MATERIAL TO PROCESS ▸
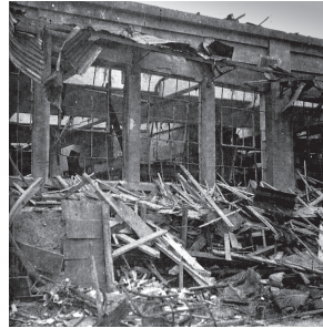
Shiga Plant damaged by bombing (July 1945)

Aichi Plant. But in December of that year, all machinery and equipment were requisitioned by the government. In the context of the Pacific War, Toray was not a supplier of munitions and was therefore forced to relinquish its equipment as a source of steel. To be able to maintain a certain amount of equipment, Toray inevitably had to produce items for military use.
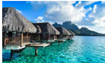
BORA BORA ESCAPE PLUS $10,000 CASH
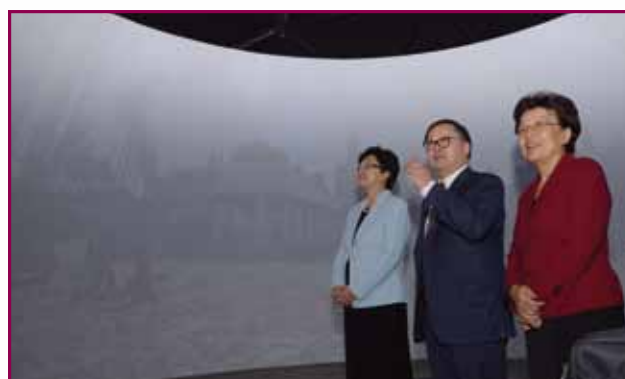
Minister Li Bin visits the Igloo to experience the 360-degree screen, and takes keen interest in the set-up and running of the Igloo
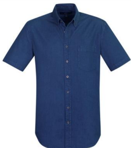
Mens Short Sleeve
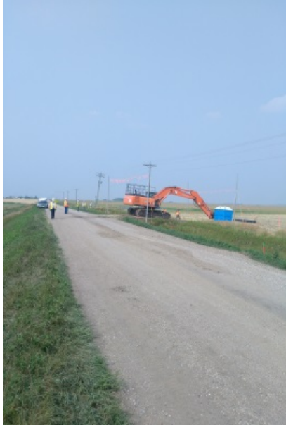
Access to ROW at road 59 Black Creek
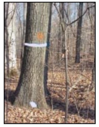
Red oak properly marked for sale. White band and basal spot were made by a consulting forester. Circle was made by timber buyer who assessed marked timber for possible bid.

1. Professional Assistance. Most landowners probably don't market timber very often; however, timber buyers do this for a living. Their employers expect them to purchase, at minimum cost, timber that meets their company's needs. As such, the landowner most likely will be at a disadvantage in this process. Assistance from a professional forester who earns his or her living in part by marketing timber for landowners is recommended. In Indiana. limited marketing assistance is available at no charge from District Foresters employed by the Indiana
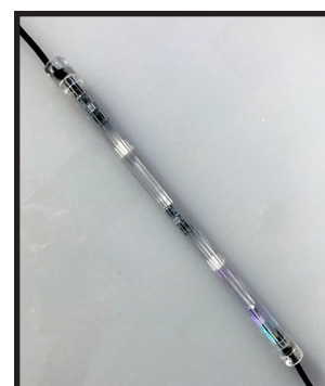
RGB+T5 Light Tubes, fluted style, refract light similar to a prism.

Specifications as of April 2018 and are subject to change.
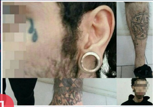
1) 51 men and women arrested in a party in Birjand. Radio Farda;
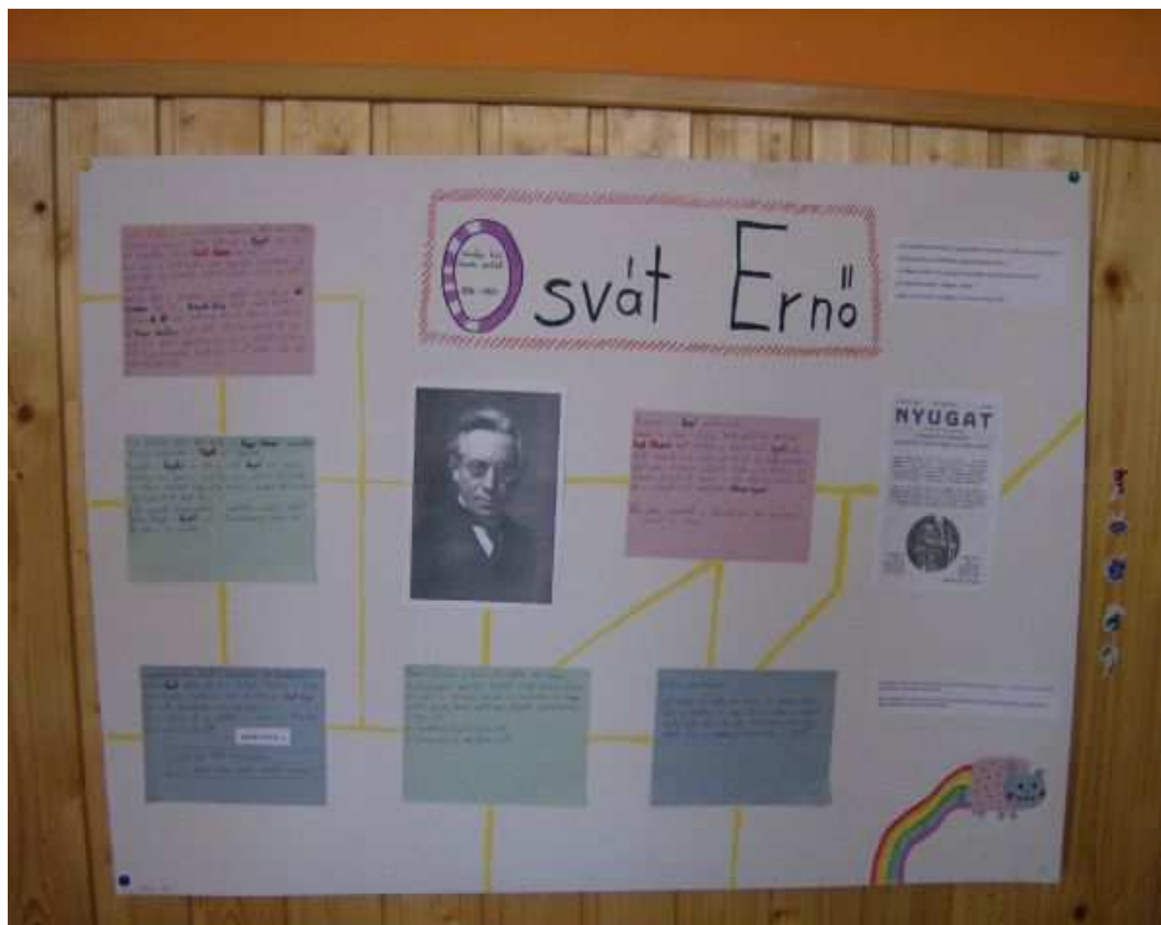
Figure 11. The life and works of writer and editor Ernő Osvát – as retold by the students (School 2).

In School 2, there was no special classroom for Hungarian studies, but similar tableaux were on display. For example, the life and activity of writer and editor Ernő Osvát was summarized (Fig. 11). These handmade artefacts contribute to the internalization of standardized life narratives through highlighting and visualising certain events and the symbolic images linked to those events (cf. section 5.2.1 and Fig. 5, 7).
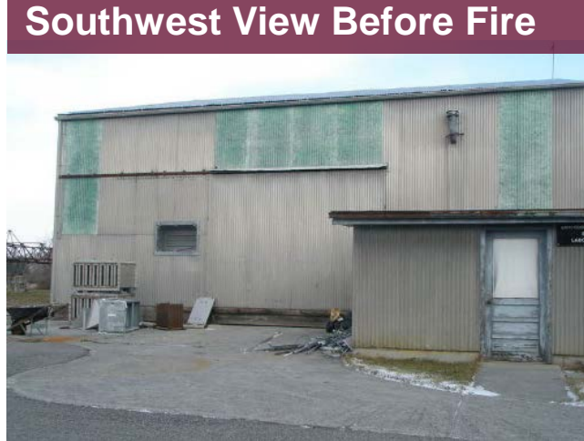
Southwest View Before Fire
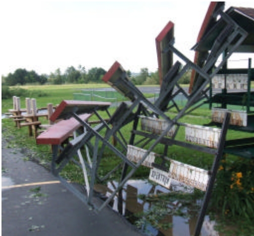
Mother Nature laid a lick on Hawk Field
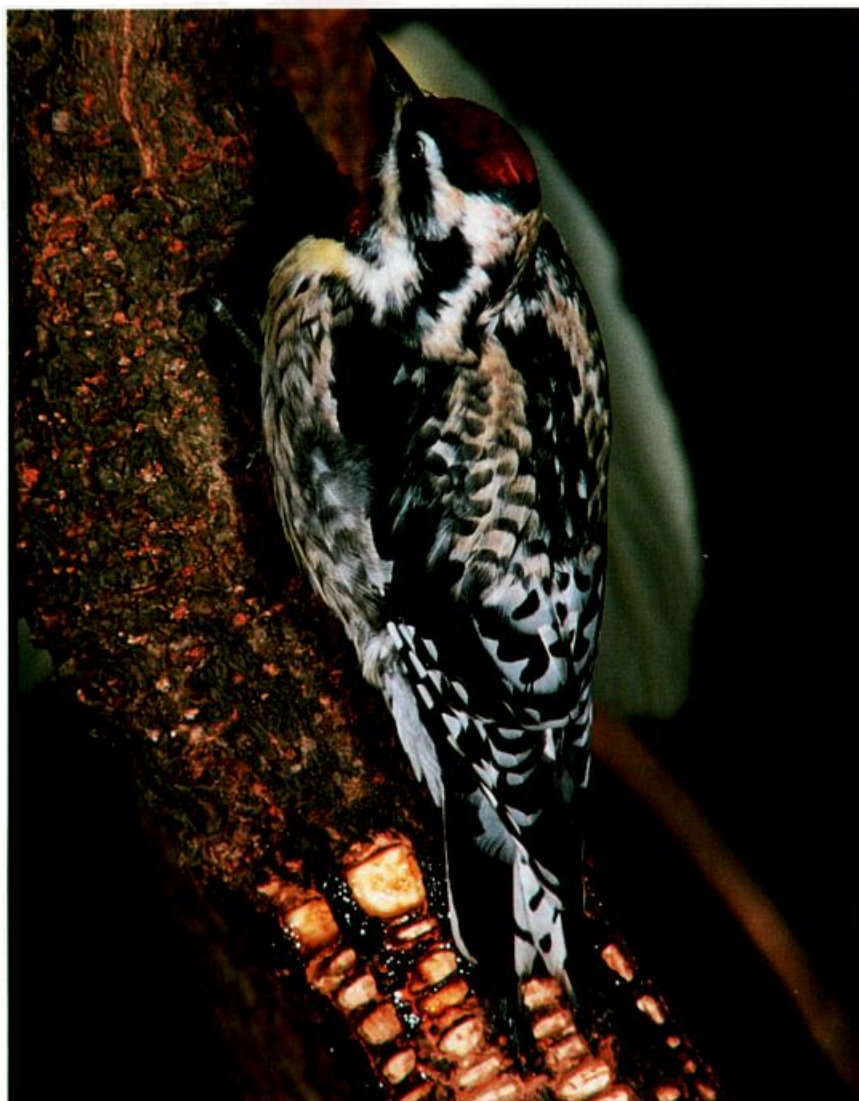
Male Yellow-bellied Sapsucker, showing classic nape and back patterns. Photo/J.R. Woodward. VIREO (w04/7/068)
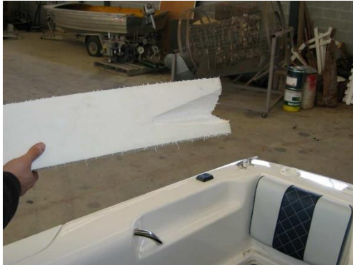
A 100mm thick piece of Microlen™ polyethylene foam about to be installed. Note the void that has been cut out to fit around the steering. This was shaped with a hacksaw blade.

You could also place a loose-fitting conduit over your controls before installing your foam so that controls can be “moused” through the conduit in the future.
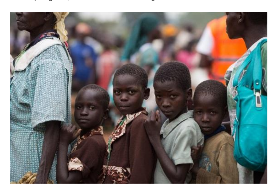
Children's Emergency: A significant majority of new arrivals are under the age of eighteen.

TASK DIRECTIONS ▸ Exclude all pictures and reproduce verbatim the lines running from the line that contains "You could also" to the end of the data above, both ends included.

EXPECTED OUTPUT ▸
You could also place a loose-fitting conduit over your controls before installing your foam so that controls can be “moused” through the conduit in the future.
Children's Emergency: A significant majority of new arrivals are under the age of eighteen.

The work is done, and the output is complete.